We provide a full portfolio of services for the architecture, design, development, deployment and operation of data processing, indexing, and web mining systems built with Hadoop, Cascading, Cassandra and Solr. We also have extensive background in Amazon Web Services, particularly EC2, S3 and Elastic MapReduce.
We have deep expertise in using Hadoop to solve scaling and performance problems with data processing. We can also provide help in Hadoop cluster provisioning and operations, performance tuning, mentoring/training, and related technologies such as Sqoop, Hive, Cassandra, HBase and Cascading.
Our extensive background with Cascading – an open source API that dramatically simplifies the process of building scalable, reliable Hadoop workflows – gives our customers a solid foundation for their data processing platforms.
For customers that ultimately need to turn their big data into a searchable index, we offer consulting on Solr, one of the most popular open source solutions for a wide range of search problems. We are also experts in leveraging Solr’s NoSQL functionality to build fast, efficient analytics solutions using a combination of Hadoop and Solr.
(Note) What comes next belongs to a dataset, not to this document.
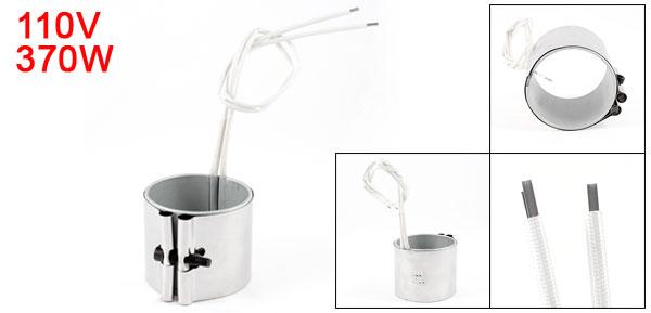 Product Name Band Heater Material Metal Power 370W Voltage 110V Band Size 65 x 60 mm/ 2.5" x 2.3"(Inside Dia.*H) Braid Lead Length (Each) 32cm / 12.5" Color White, Silver Tone Net Weight 177g Package Content 1 x Band Heater - Reviews

We provide scalable, cost-effective solutions for a wide range of web mining tasks, including:
- Content aggregation – fetching, parsing, normalizing and aggregating data records from multiple web sites.
- Competitive pricing – extracting specific pricing data on a per-site basis, or per-product/SKU.
- Link spam analysis – fetching and analyzing content referenced from links, and generating spam scores.
We can customize the Bixo web crawler toolkit for a wide range of crawling strategies:
- Broad crawls – breadth-first crawls of large portions of the web, typically constrained by a large set of target domains.
- Vertical crawls – depth-first crawls of subsets of the web, using content analysis to guide the crawl to areas that are of primary interest.